The results showed that excluding CC5 watercourses from the labeled dataset improved the f1-score but had a negative effect on the recall of the remaining CCs, compared to training with CC1–CC5 features in the labeled dataset. It means that to achieve the optimal completeness for the clearer features, the less clear ones need to be included in the dataset. Completeness is often important for the automatic extraction of watercourses because it ensures that the features that are found have continuity and that the hydrological network is depicted correctly. Based on the results, typical machine-learning metrics, f1-score, recall, and precision, may not give an accurate validation of the result. It depends on both the requirements of the final watercourse dataset that is derived from the predictions and the post-processing steps.

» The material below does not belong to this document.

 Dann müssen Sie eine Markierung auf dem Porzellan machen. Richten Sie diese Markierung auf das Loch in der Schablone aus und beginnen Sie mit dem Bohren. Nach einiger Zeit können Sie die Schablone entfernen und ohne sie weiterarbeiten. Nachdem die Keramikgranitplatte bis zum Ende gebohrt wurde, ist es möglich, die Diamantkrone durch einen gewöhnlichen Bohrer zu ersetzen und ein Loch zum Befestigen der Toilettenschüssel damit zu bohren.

For accurate validation, the accuracy and completeness of such a final watercourse dataset need to be assessed. Watercourses are one part of a hydrological network that includes other features, for example, underground watercourses, culverts, ponds, and lakes. Automatic methods have been developed for, for example, the detection of culverts from DEMs [
36] and ponds [
37]. As the methods develop and mature, these methods need to be combined into a completely automated workflow that produces an optimal final hydrological network.

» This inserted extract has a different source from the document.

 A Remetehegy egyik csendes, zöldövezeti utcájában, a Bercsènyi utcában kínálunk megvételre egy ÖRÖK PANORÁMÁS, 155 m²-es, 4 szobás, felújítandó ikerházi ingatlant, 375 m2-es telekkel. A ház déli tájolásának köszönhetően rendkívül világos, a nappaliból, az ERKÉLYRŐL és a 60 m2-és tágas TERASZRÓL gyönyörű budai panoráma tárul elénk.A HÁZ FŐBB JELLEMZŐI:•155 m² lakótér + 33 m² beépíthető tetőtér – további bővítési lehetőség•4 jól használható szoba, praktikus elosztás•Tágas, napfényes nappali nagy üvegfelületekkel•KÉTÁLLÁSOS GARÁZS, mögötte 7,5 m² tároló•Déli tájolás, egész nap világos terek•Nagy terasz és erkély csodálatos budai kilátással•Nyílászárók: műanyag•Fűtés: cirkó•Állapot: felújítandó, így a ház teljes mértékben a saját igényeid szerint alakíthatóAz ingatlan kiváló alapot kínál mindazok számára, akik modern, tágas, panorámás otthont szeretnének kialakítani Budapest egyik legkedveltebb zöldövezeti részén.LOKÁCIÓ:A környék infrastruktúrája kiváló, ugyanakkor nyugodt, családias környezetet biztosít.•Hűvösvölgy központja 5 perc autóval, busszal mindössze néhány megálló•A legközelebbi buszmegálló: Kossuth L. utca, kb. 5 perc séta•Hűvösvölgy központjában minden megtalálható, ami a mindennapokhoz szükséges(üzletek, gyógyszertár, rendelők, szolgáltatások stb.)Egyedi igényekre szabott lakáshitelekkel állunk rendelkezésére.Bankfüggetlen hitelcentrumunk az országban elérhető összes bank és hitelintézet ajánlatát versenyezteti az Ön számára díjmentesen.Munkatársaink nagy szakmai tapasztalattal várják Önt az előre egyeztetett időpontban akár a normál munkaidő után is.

Multiple factors could have impacted both the comparison of input datasets and causes of false predictions that were not accounted for in the study. The quality of the digitized training dataset was shown to have caused false predictions. This means it also could impact the results of the input data comparison. For example, the errors of omission by the digitizer would falsely increase the f1-score of layers that would not find the missing watercourses and decrease the score for the ones that would find them. The study did not consider alternative loss functions or optimizer algorithms, nor the resolution of input and training data. Different loss functions have been shown to provide different results in, for example, road segmentation with CNN from remotely sensed, and the function should be selected based on the use case and dataset [
38]. Śliwiński et al. [
39] found that when delineating watercourses from DEMs of different resolutions, 1.5 m and 1 m resolution DEM resulted in only a small decrease in lengths of the watercourse lines, which indicates that the resolution of 0.5 m of the DEM used in our study is sufficient for capturing most watercourses.